Links: Loneliness in American society, things British and American, gifting books, and more!

* “Mr. Berlusconi was able to govern Italy for as long as he did mostly thanks to the incompetence of his opposition. It was so rabidly obsessed with his personality that any substantive political debate disappeared; it focused only on personal attacks, the effect of which was to increase Mr. Berlusconi’s popularity. His secret was an ability to set off a Pavlovian reaction among his leftist opponents, which engendered instantaneous sympathy in most moderate voters. Mr. Trump is no different.” Lessons for today.

* And, also, “The Blundering Brilliance of Boris Johnson.” Many interesting ideas and also important lessons for the next elections. Twitter is not the real world.

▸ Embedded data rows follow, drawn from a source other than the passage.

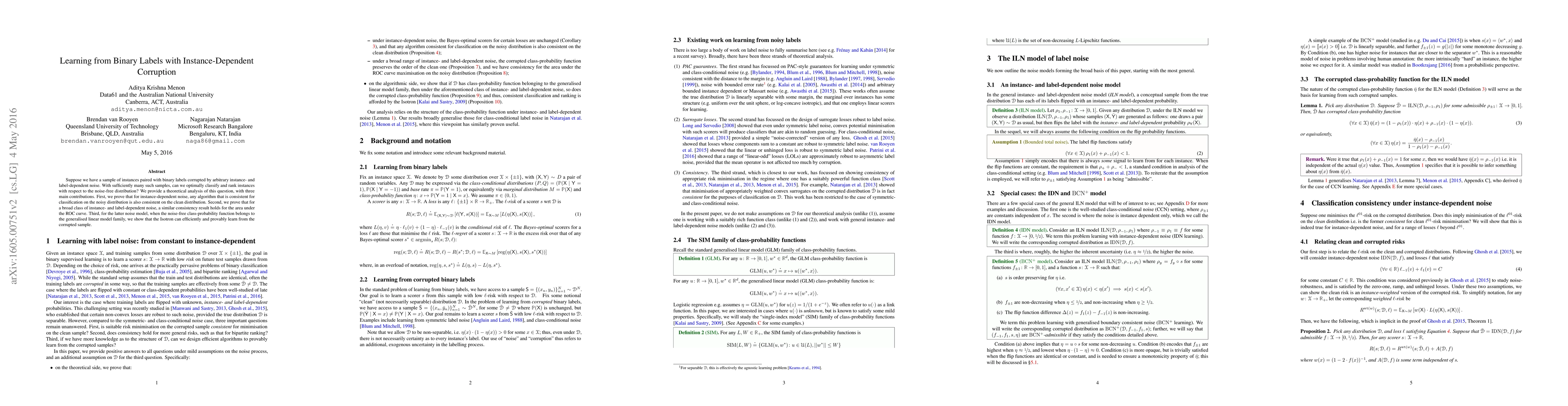 Suppose we have a sample of instances paired with binary labels corrupted by arbitrary instance- and label-dependent noise. With sufficiently many such samples, can we optimally classify and rank instances with respect to the noise-free distribution? We provide a theoretical analysis of this question, with three main contributions. First, we prove that for instance-dependent noise, any algorithm that is consistent for classification on the noisy distribution is also consistent on the clean distribution. Second, we prove that for a broad class of instance- and label-dependent noise, a similar consistency result holds for the area under the ROC curve. Third, for the latter noise model, when the noise-free class-probability function belongs to the generalised linear model family, we show that the Isotron can efficiently and provably learn from the corrupted sample.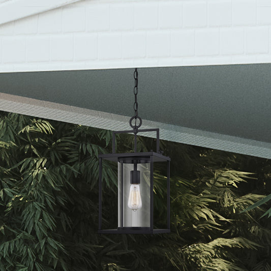 Quoizel Garrett 1 Light Outdoor Hanging, Matte Black/Clear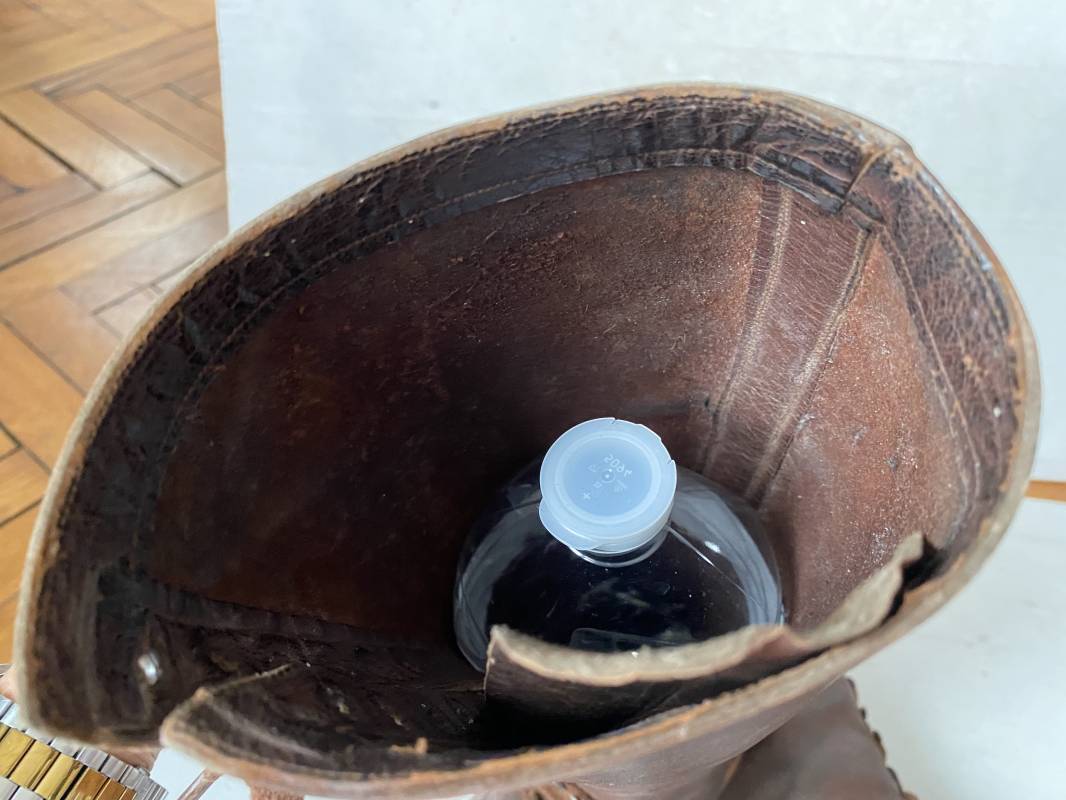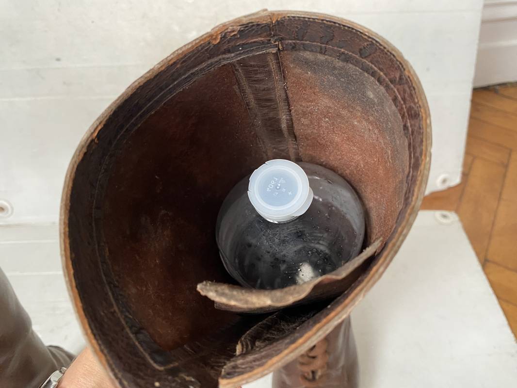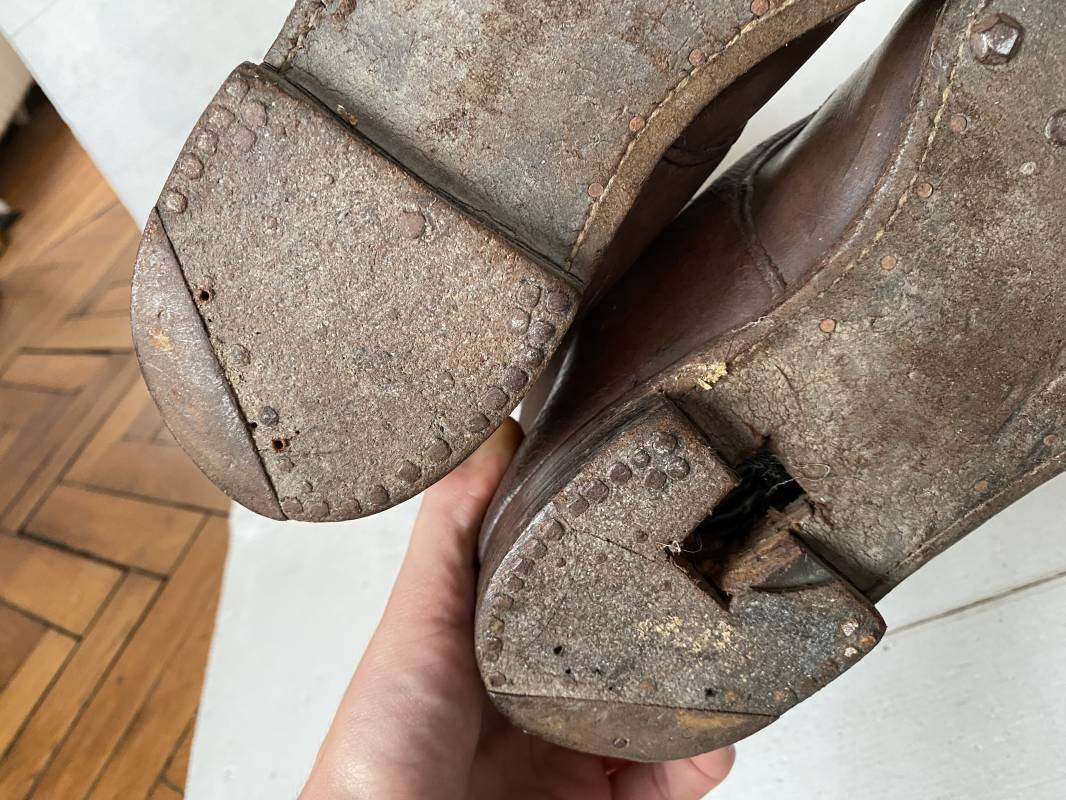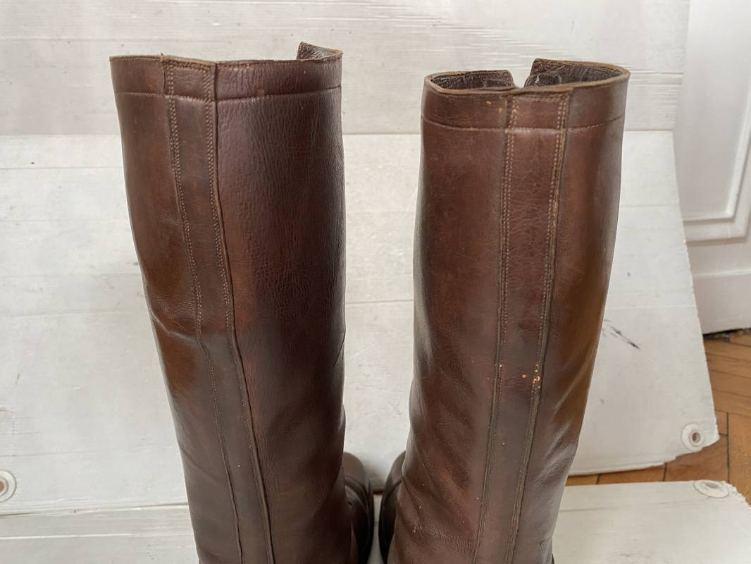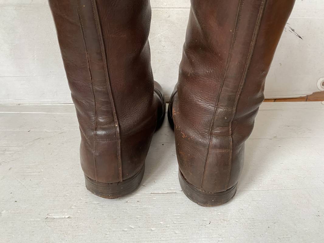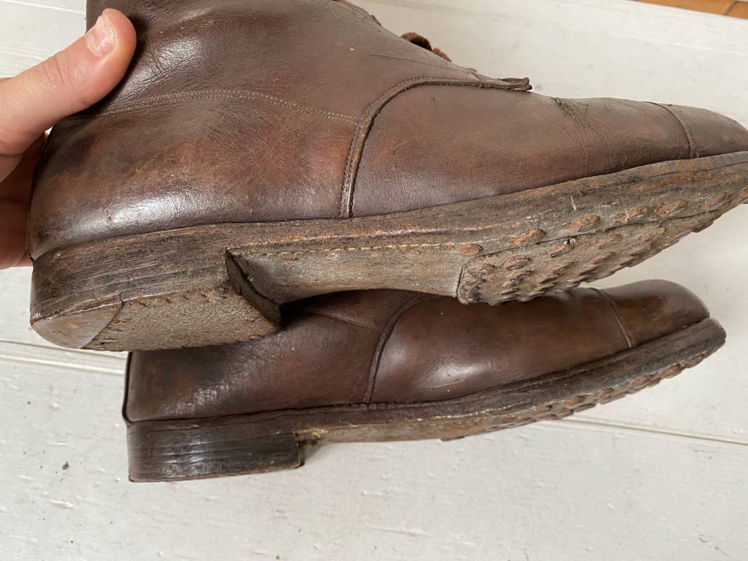 Belle paire de bottes cloutées à lacets d'un officier. Bottes du type "colonial" ou "aviateur" avec crochets et oeillets métalliques. Lacets en coton marron. Hauteur 40cm. Semelles et talons en cuir, cloutage d'origine. Longueur semelles 29,5cm. Pointure 43 environ. A noté : un trou dans semelle pour support d'un mannequin. Cuir souple, bottes légèrement portées en bel état 1915/40. Ref 15488

* “Etiquette of gifting books.” My philosophy is different: give for yourself, not for the person who gets the book, and have zero expectations. Don’t ask about it or ask for it back. Just give it and let it be. Conversations in book form are great; write in your book, give it to your friend, and accept your friends’ annotated books. It’s an all-round win.

* Having Kids, by Paul Graham, so you know it’s going to be interesting. May also connect with the last link, regarding social connection and loneliness.

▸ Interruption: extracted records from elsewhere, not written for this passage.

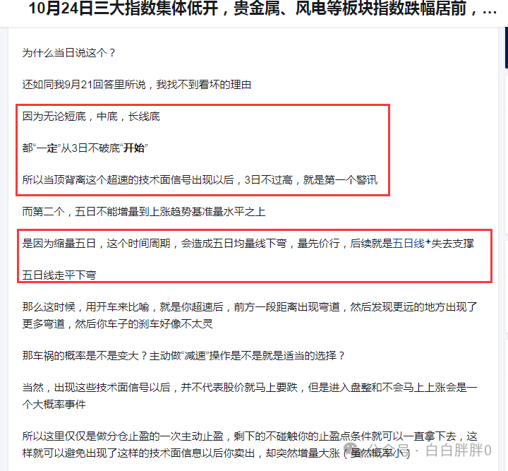 因为虽然你手里的标的出现这些技术面信息不代表这里马上要下跌,但是小波段主升的上涨惯性已经改变(三天不过高,参照昨日复盘说的9月23日上证3日不破底,五天不补量,主升段特色就是放量跳空指标钝化,没量,指标就是真背离,就不会变成钝化),右侧交易除了空间,“时间”也是重要成本,如果盘整一段时间,你的资金却全卡在里面,其实就是浪费了资金的使用效率,空一部分资金出来做别的,效率会更好
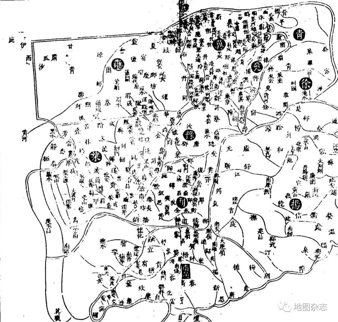 第三类,对第二类地图的进一步简化。这一类只有《帝王经世图谱》“禹迹九州之图”一幅,图中去掉了所有河流和水体,但将河流的名称都保留了下来。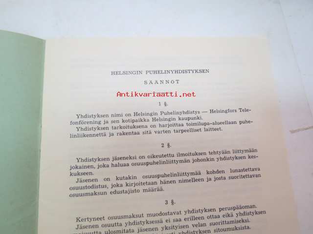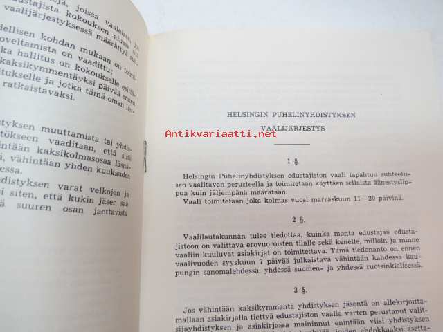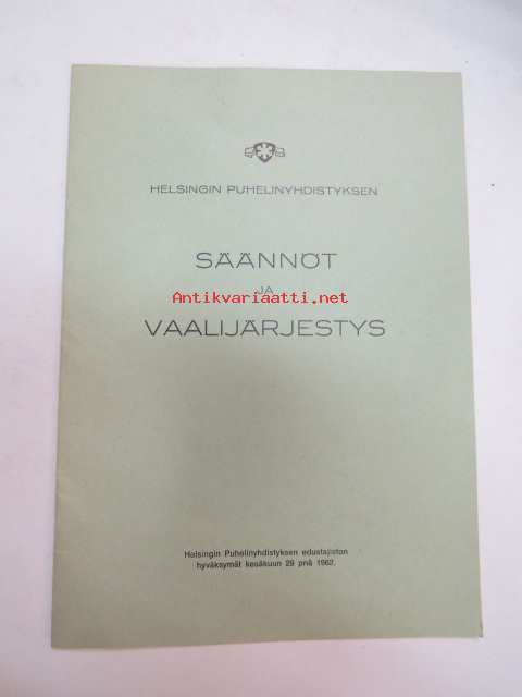 Helsingin Puhelinyhdistyksen säännöt ja vaalijärjestys -telephone company rules (Helsinki)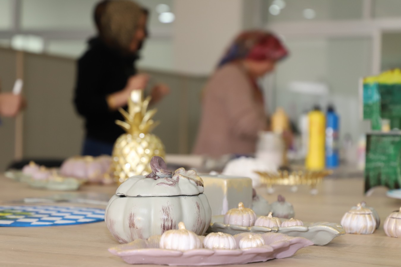 Kültür merkezinde usta öğreticiler tarafından verilen; dikiş-nakış, takı tasarımı ve halı dokuma gibi kurslarda el becerilerini geliştiren kadınlar, diğer yandan da kendi üretimleri olan ürünleri satarak aile bütçelerine katkıda bulunuyor.

* Growth is good. Ideas too rarely entertained, even by people who still oppose them in the end.

* California oceans acidifying at alarming rate, study finds.

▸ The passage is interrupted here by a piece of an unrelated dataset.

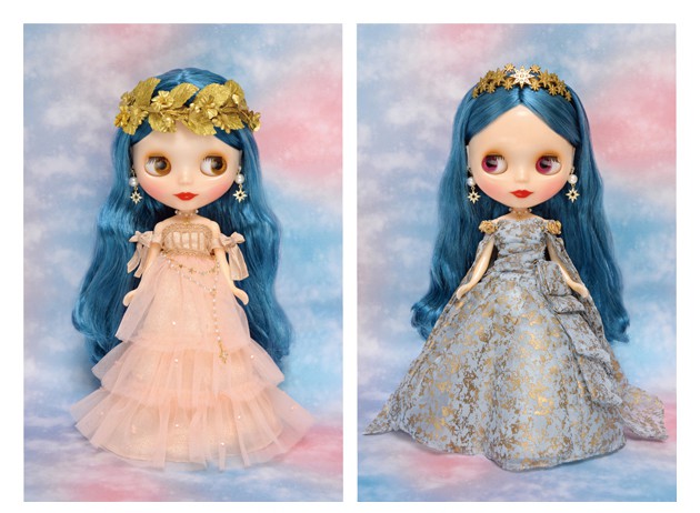 CWC Exclusive 21st Anniversary Neo Blythe “Juno Estella” *FREE SHIPPING FEE* *Shipping address are subject to the address of your PayPal transaction. Venus, goddess of the heavens, twinkles in the pink morning sky. At night the stars in the universe gather together to remind us of the infinite possibilities of tomorrow. It's time to make a wish for all of us, upon the stars. Venus at Dawn Style Pink Dress The combination of pink tulle and gold fabric is beautiful in this long dress. The gold braid on the top, ribbons on both shoulders, and pink cut beads scattered on the tulle skirt express tenderness. Pearl and star motifs are used for the chain belt that accentuates the dress. The head accessory is a crown with gold-colored flowers and leaves that looks beautiful against the ink-blue hair. Evening Star Style Blue Dress This fantastic long dress is made of blue chiffon fabric with gold silk print all over. The asymmetrical draping and folded ribbon-like decorations hanging from the waist give the dress an elegant design. The shoulders of the long cape are adorned with gold curly roses. Head accessories coordinate with the new tiara, which is designed with a scattering of stars★. For accessories, we selected items with gold as the key color that would go with both fashions! Necklace and earrings designed with pearl and star motifs, tulle petticoat, and net tulle high socks with gold picot lace trimmed at the opening, and gold pumps. The face type is Radiance Evolution and the face color is translucent cream. Hair color is Ink Blue, a new color, and hairstyle is long hair with a center parted perm. Makeup is done in an elegant image. The eyeshadow is light brown, the lips are a clear reddish burgundy with gloss, and the blush is pink. The eyelids are light brown (molded color), the same color as the eye shadow, and the eyelashes are special black. All eye colors are set in special colors! Blue-green (front), light brown (right), blue (front), purplish pink (left). Nails are pink. Eye change charms are star motifs. The support and base of the stand are clear and gold, and the prop is gold-colored. Face Type: Radiance Evolution Face Color: Translucent cream. Makeup: Eye shadow: light brown, Lip: wine red (clear type plumping mask), Blush: pink Eye Color: blue green (front), light brown (right), blue (front), pink (left) *All special colors Eyelid: Light brown (molded color) Eyelashes: Special spec black (long eyelashes) Hair color: Ink blue *New color Earrings: Pearl and star motif Manicure: Pink Set includes: Doll, dress (pink and blue), cape, leaf crown, star-shaped tiara, necklace, earrings, chain belt, and a star-shaped tiara, shorts, socks, shoes, short stand (approx. 13 cm high) Release date: 30 September 2022. We accept payment by PAYPAL, VISA and WESTERN UNION Thank you. Please don't hesitate to contact us at cctoyshop@yahoo.com.hk if you have any question about this product.

* “A CT scan costs $1,100 in the US — and $140 in Holland.” You’ve heard it before, but: price transparency now. See also, however, “Doctors Win Again, in Cautionary Tale for Democrats: Surprise billing legislation suddenly stalled. The proposal might have lowered the pay of some physicians.”

* The politics of exhaustion. Maybe.

* “When will the Netherlands disappear?” I’m surprised by the continued in-migration to Florida, Arizona, and Texas: all states that are susceptible to major climate disruptions.

* “Mossberg: Tim Cook’s Apple had a great decade but no new blockbusters.” Would prefer greater focus on computers.

* Sex Differences in Personality are Large and Important. Obvious to almost everyone, except people in certain media and academic precincts.

* The End of Econ Blogging’s Golden Age. In almost all fields the reliance on “peer reviewed journals” is overdone.

* The left is having an identity crisis. Better essay than the title implies.

* Is undersea mining going to happen?

* “Men are banding together in class-action lawsuits against discrimination in Title IX cases.” Once the genie of treating people as primarily members of oppressed groups gets out of the bottle, it’s hard to stuff back in.

* Efforts to bring back to the chestnut tree.

* Alienated, Alone and Angry: What the Digital Revolution Did to Us. Maybe. I think we’re going to have to learn digital hygiene.

* “A Lonely Plea: ‘Anybody Need a Grandma for Christmas?’ A woman from Tulsa, Okla., with no place to go for the holidays became a painful reminder of the isolation felt by many older Americans.” A microcosm for American society’s grim news, perhaps, and compatible with Lost Connections by Johann Hari—an impressive and recommended book.